6,119,061 (50.9%) Reads written (passing filters): 12,028,354 (100.0%)

Total basepairs processed: 613,446,054 bp Quality-trimmed:
806,268 bp (0.1%) Total written (filtered): 440,154,599 bp (71.8%)

I then checked the reads quickly and aligned some to mirBase:

@VH00411:17:AAALWCMHV:1:1101:55440:1019 1:N:0:AGTCAA TTTGGCAATGGTAGAACTCACACCG + CCCCCCCCCCCCCCCCCCCCCCCCC @VH00411:17:AAALWCMHV:1:1101:60363:1019 1:N:0:AGTCAA TTCACAGTGGCTAAGTTCTGC + ;CCCCCCCCCCCCCCCCCCCC @VH00411:17:AAALWCMHV:1:1101:45271:1038 1:N:0:AGTCAA TAGCTTATCAGACTGATGTTGA

and I get a perfect match:

I downloaded the latest miRbase (22.1) files mature.fa and I generated an index with the mature.fa file Feeling confident about the results so far, I pursue the alignment with bowtie(1)

 #!/bin/bash
basename=mature_bowtie

for i in $(ls any/directory/*.fq | xargs -n 1 basename | sort -u); do bowtie -v 2 -a --best --strata -x mature_bowtie any/directory/${i} -S any/directory/\${i}.sam

done


And then I get disappointed by seeing the following output:

# reads that failed to align: 5009872 (100.00%) Reported 213 alignments

What am I doing wrong? Do I have to convert T to U?

8 weeks ago
GenoMax

Do I have to convert T to U?

Yes you have to do that conversion. Then align with a bowtie v.1.x index created after the conversion.

Oh thank you so much! This makes total sense…

So how dow I do the conversion and on which file? The mature.fa I guess …

You could use sed 's/U/T/g' mature.fa > conv.fa as a quick brute force method. It may replace some u characters in fasta headers.
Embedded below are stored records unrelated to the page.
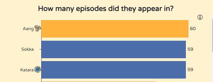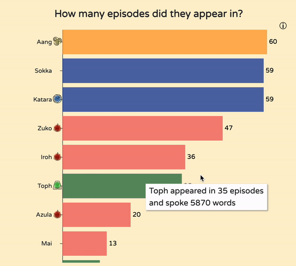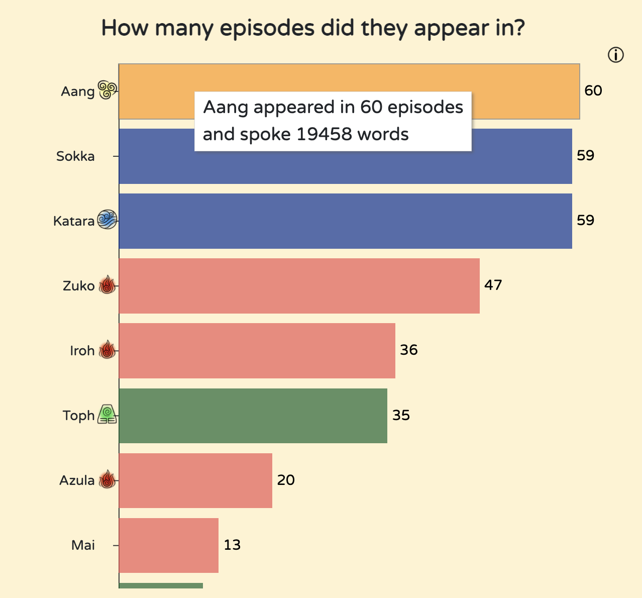 The bar chart displays how many episodes each character had at least one line in, sorted by characters with the most screentime. Next to the character name is a symbol of their nation if they are a bender.
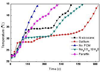 总的说来,借助如冰蓄冷一般的金属相变材料的交替性蓄冷-熔化过程,可以达到灵巧的冷却目的,这种无需额外设置专用冷却系统的热管理方式,特别适合于手机等移动电子设备。以往,尽管学术界也曾尝试采用相变方法来冷却手机,但因受限于既定材料的物性而制约了实际应用。比如,传统有机类相变材料如石蜡、烷烃、醇类以及脂肪酸等虽然性能稳定、过冷度小、成本低,但热导率小、热响应慢,相变时体积变化率较大从而会使系统体积显著增加;而无机类相变材料如结晶水和盐、熔融盐等,虽价格便宜,储热密度大,但过冷度高,熔化之后会因无机盐与结晶水之间的密度差而造成相分离,同时还会因结晶水蒸发引起再凝固继而产生低水化合物,最终使得相变材料的长期工作稳定性变差。高熔点金属作为相变材料虽有提出,但因在常温下无相变行为,无法用于电子设备热管理。综合而言,常温附近即可熔化的金属及其合金材料则体现出诸多诱人的优势:1.热导率高,是传统相变材料的数十甚至上百倍,这有利于吸热系统的快速响应,同时也减小了热源与环境之间的热阻;2.金属材料稳定性好,在相变过程中不会出现相分离、相分层现象,经无数次熔化凝固之后依然表现出完好的相变特性;3.低熔点金属密度大、单位体积相变潜热高,且相变过程中体积变化率小,远低于传统材料,这有利于实现高度紧凑的热管理系统。
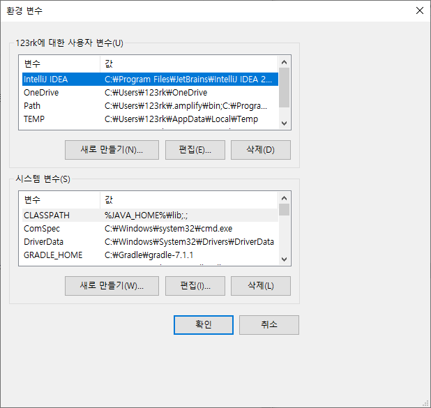 - 환경 변수 설정
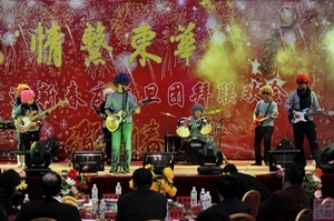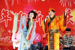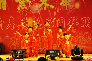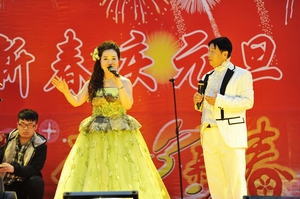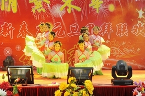 御龙温泉荡起欢悦的细浪,碧树琼枝闪动喜庆的银光。12月23日14时,吉林东华教育集团“情系东华”2011年迎新春庆元旦团拜联欢晚会在这里隆重举行。联欢会节目精彩纷呈,学院教职工、御龙温泉员工纷纷登台献艺,用甜美的歌声、抑扬的琴声,优美的舞姿共同庆祝元旦佳节。
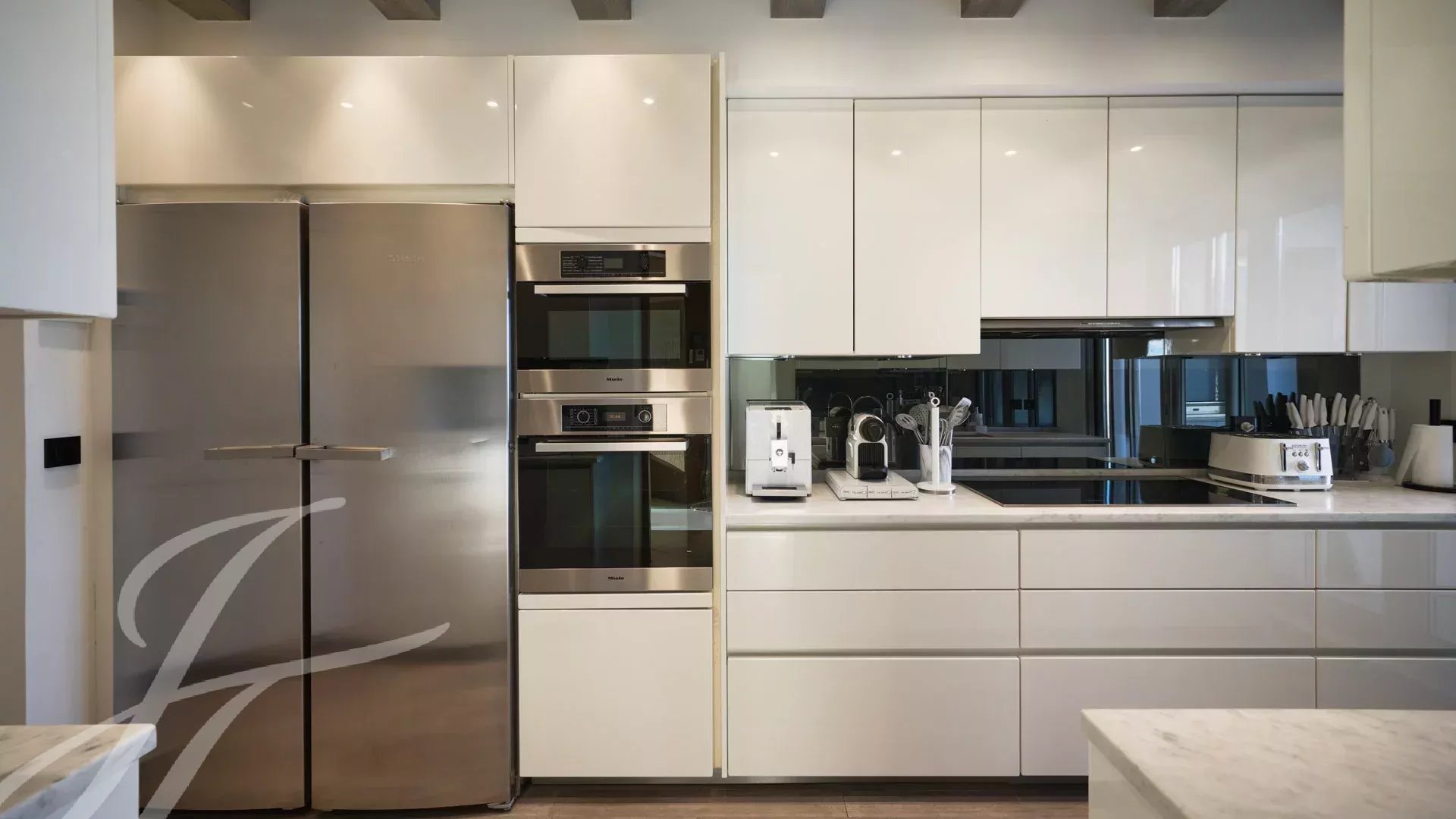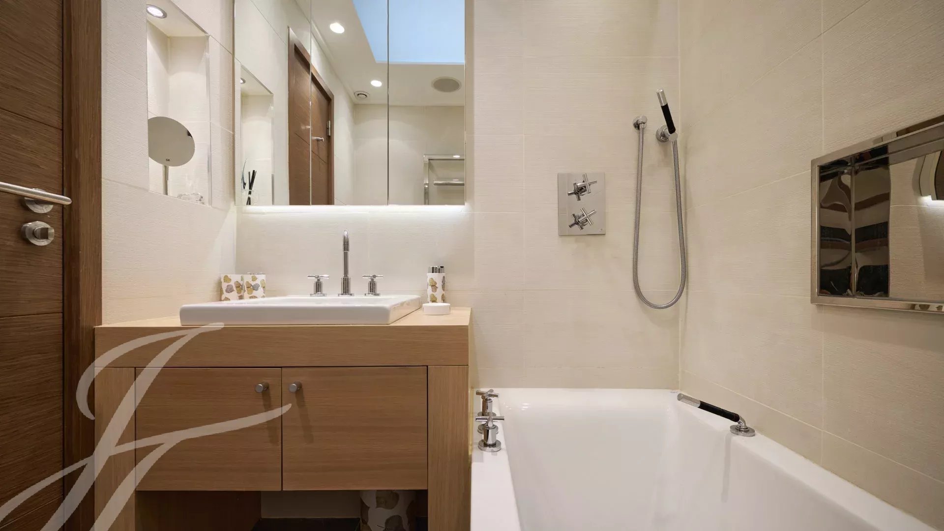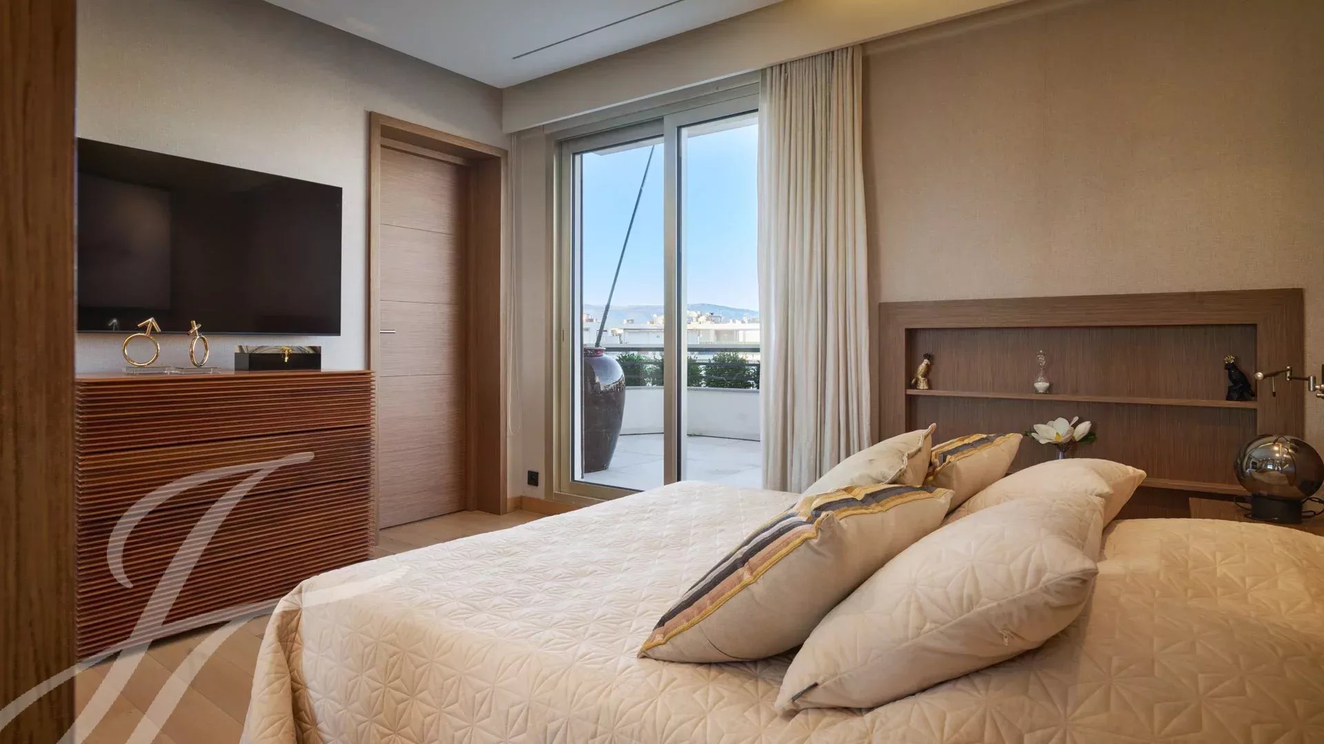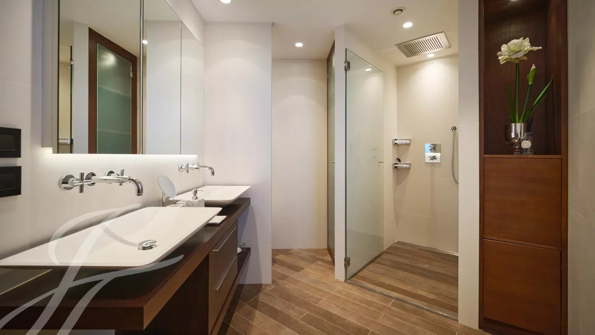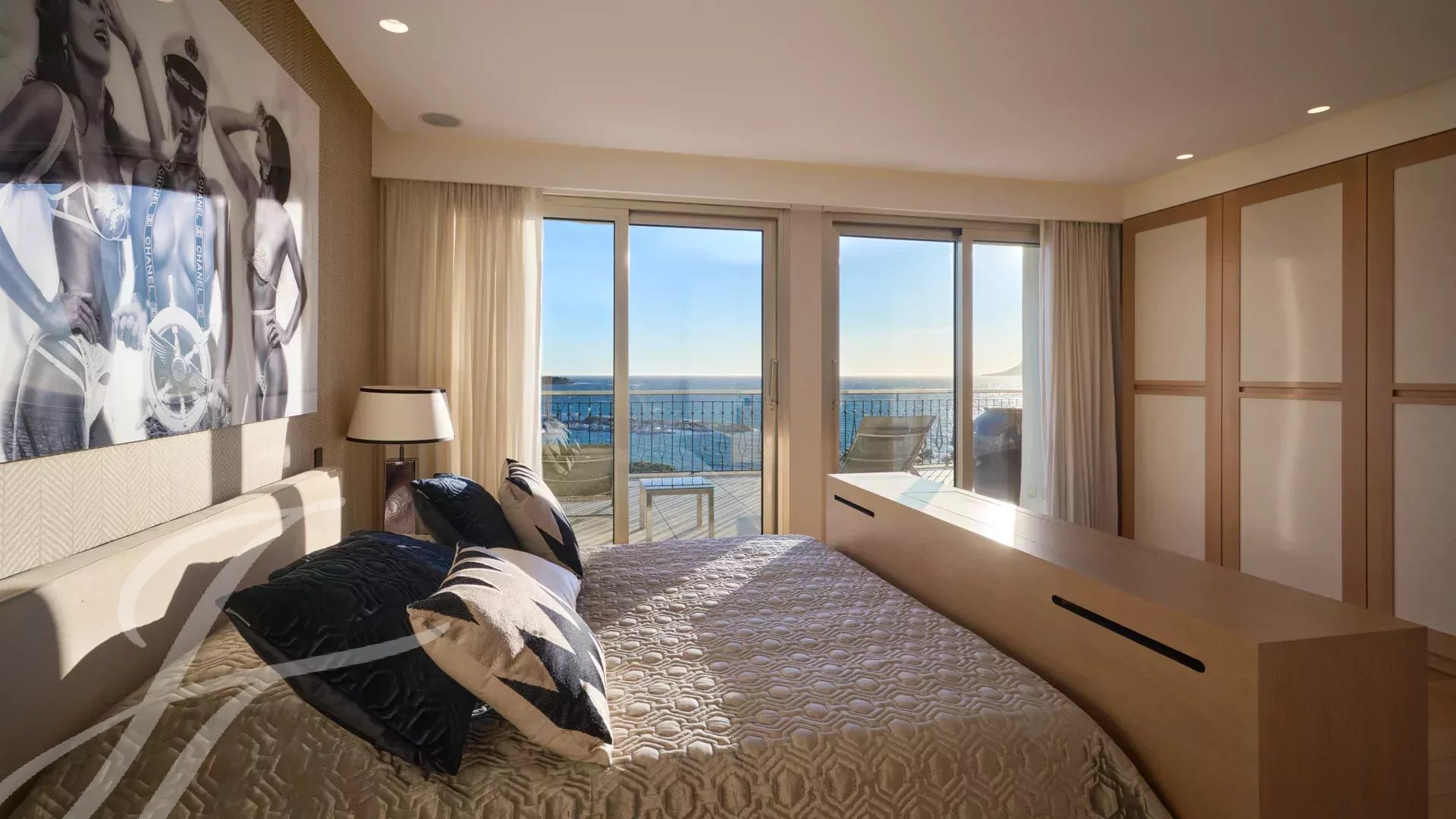 Il se compose d’un vaste séjour/salle à manger avec un espace bar et deux caves à vin, ouvrant sur une terrasse spectaculaire de 156 m², offrant une vue imprenable sur le port Canto, le Palm Beach, la baie de Cannes et les îles de Lérins. La cuisine fermée, entièrement aménagée, dispose d’un accès à une seconde terrasse. L’appartement comprend quatre chambres, dont une chambre de maître avec salle de bains et douche attenantes, ainsi qu’un accès à la terrasse avec vue mer. Une chambre supplémentaire avec salle de douche privative, et deux autres chambres partageant une salle de douche.

Just for the record. I did the conversion with

sed '/^[^>]/s/U/T/g' mature.fa > mature_conv.fa


to avoid modification of the header and it worked perfectly.

From:

>cel-let-7-5p MIMAT0000001 Caenorhabditis elegans let-7-5p
UGAGGUAGUAGGUUGUAUAGUU
>cel-let-7-3p MIMAT0015091 Caenorhabditis elegans let-7-3p
CUAUGCAAUUUUCUACCUUACC
>cel-lin-4-5p MIMAT0000002 Caenorhabditis elegans lin-4-5p
UCCCUGAGACCUCAAGUGUGA
>cel-lin-4-3p MIMAT0015092 Caenorhabditis elegans lin-4-3p
ACACCUGGGCUCUCCGGGUACC
>cel-miR-1-5p MIMAT0020301 Caenorhabditis elegans miR-1-5p
CAUACUUCCUUACAUGCCCAUA


To:

>cel-let-7-5p MIMAT0000001 Caenorhabditis elegans let-7-5p
TGAGGTAGTAGGTTGTATAGTT
>cel-let-7-3p MIMAT0015091 Caenorhabditis elegans let-7-3p
CTATGCAATTTTCTACCTTACC
>cel-lin-4-5p MIMAT0000002 Caenorhabditis elegans lin-4-5p
TCCCTGAGACCTCAAGTGTGA
>cel-lin-4-3p MIMAT0015092 Caenorhabditis elegans lin-4-3p
ACACCTGGGCTCTCCGGGTACC
>cel-miR-1-5p MIMAT0020301 Caenorhabditis elegans miR-1-5p
CATACTTCCTTACATGCCCATA


And the alignment seems to work as well! Thanks GenoMax

ok great I will try this. Maybe not in line with the thread but which aligner would you recommend to align the small-rna seq onto the genome? I just want to do differential miRNA expression between two conditions, nothing fancy. Is it in this case an advantage to align to the genome? I am worried that by aligning to mirBase the normalization will be tricky.

THANKS!

Since miRNA are small you will want to stick with an un-gapped aligner so bowtie v.1.x is a fine choice.

thanks, but what is the advantage of alignment to the mouse genome compared to alignment to mirbase? Is there any?

miRNA are small and you are likely to get a lot of multi-mapping. So you would need to account for that. If you are looking for novel species of miRNA then you may have to go the genome way.